O tym że nie mają nic przeciwko odwiedzinom Adasia w domu Karola i u Joanny... I jego zamieszkaniu u nich w przyszłości.
W sumie to było to dla nich bardzo budujące spotkanie. Pozbawione już zupełnie dawnych żali i niesnasek. Obie strony mogły szczerze opowiedzieć o swoich odczuciach, ich postępowaniu i myślach w czasie choroby. Doszło do zgody w harmonijnej atmosferze i to jest najważniejsze.
Tak przecież powinni się zachować wszyscy odpowiedzialni ludzie. - Zakończyła swój wywód, Joanna.

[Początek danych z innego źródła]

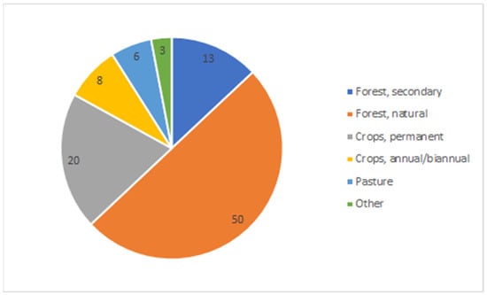 Percentage of land cover types on farms (<115 ha) in the Amazon region (0–2500 m) according to the 2012 agrarian census [].
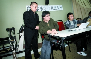 昨日上午9時30分,記者到達北人澤洋大廈時,正好遇見前來參加信息通報會的患者代表。其中一名戴著眼鏡的青年男子坐在輪椅上,在病友的幫助下艱難地上臺階。另一名拄著雙拐的矮個男子緩慢地向前挪動,每人手上都拿著一份當天的北京晨報。10月10日,方舟子和方玄昌被襲案閃電開庭并宣判后,昨日本報以《肖傳國被判拘役5個半月》為題進行了報道。
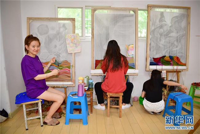 西安美術(shù)學(xué)院特殊教育藝術(shù)學(xué)院工藝美術(shù)專(zhuān)業(yè)學(xué)生在進(jìn)行纖維藝術(shù)創(chuàng)作(5月23日攝)。新華社記者邵瑞攝
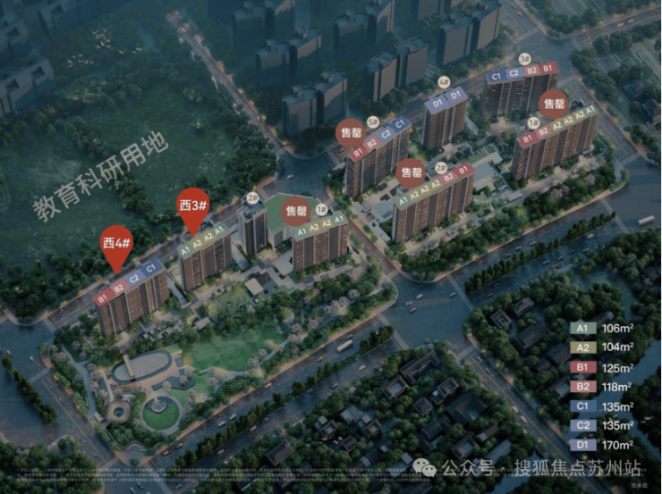 本次是项目的收官之作,推出西3#、西4#,建面约104-135㎡的3-4房,共计128套

- Tak jak powiedział Adaś – niewiadomo dlaczego zaistniała ta złość i rozstanie. Po co to spotkanie teraz jeśli mogło by być zupełnie inaczej… - skwitował Jacek… Ale…

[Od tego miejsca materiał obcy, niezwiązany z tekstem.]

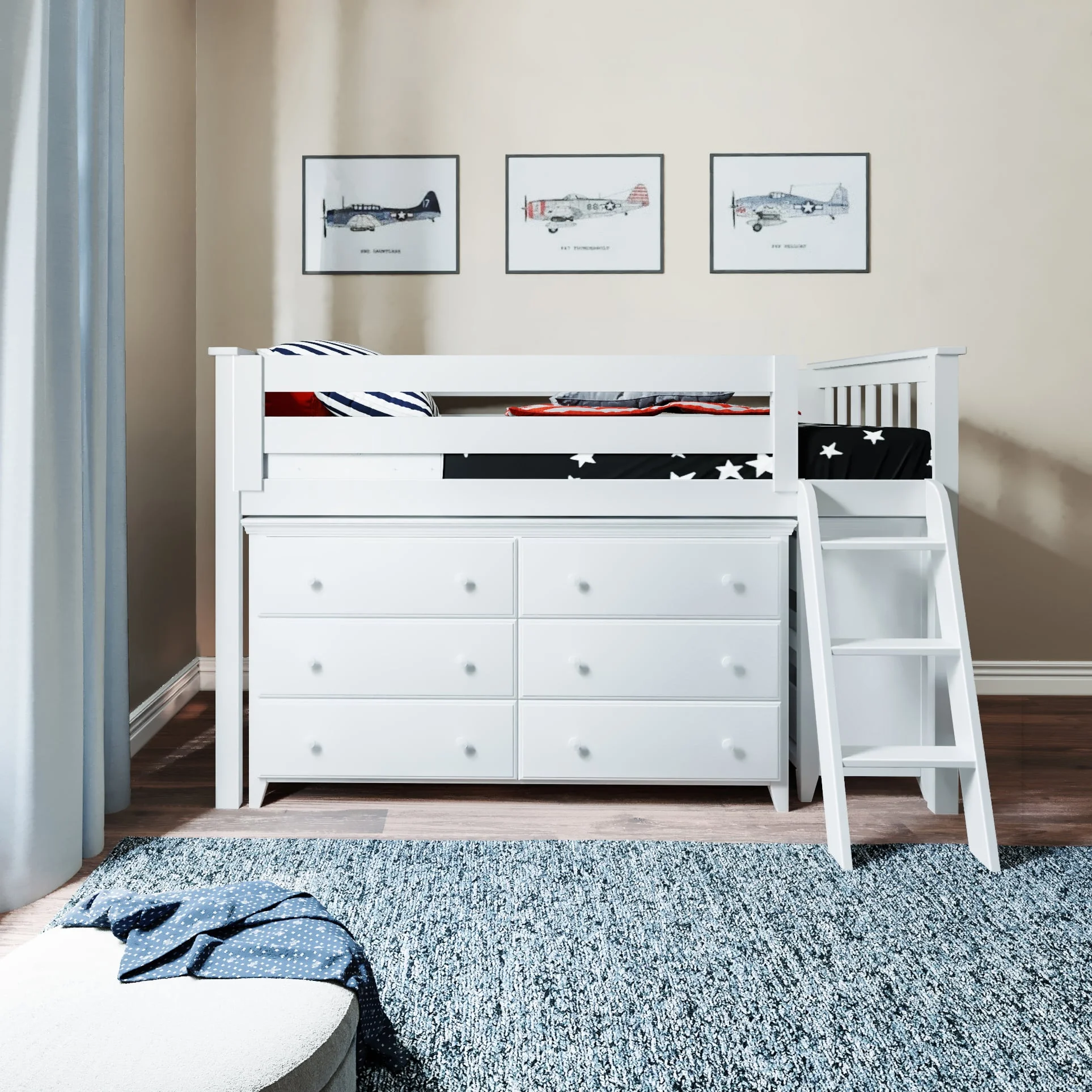 The Loft Bed collection features beds that are functional, playful, safe and built to last. With numerous storage combinations you can make the most of the space in children’s bedrooms. Slip resistant straight and angled ladders make climbing safe and fun. Loft beds with play curtains transform children’s bedrooms in to the perfect place to sleep and the perfect place to play. Choose from a variety of finish options, storage options and play curtain options to fit the style of your child’s bedroom.

- Z drugiej strony gdyby nie to, nigdy bym Joanny nie spotkał… No i nie miał okazji się oświadczyć…
- No nie, to wspaniale… - Chórem wykrzyknęli stryjowie. – To znaczy będzie ślub. Można wiedzieć jak to planujecie?...
- Na razie nic nie mamy zaplanowanego. – Odpowiedziała Joanna. – Sama jestem jeszcze w szoku. Przed chwilą w samochodzie Jacek mi się oświadczył.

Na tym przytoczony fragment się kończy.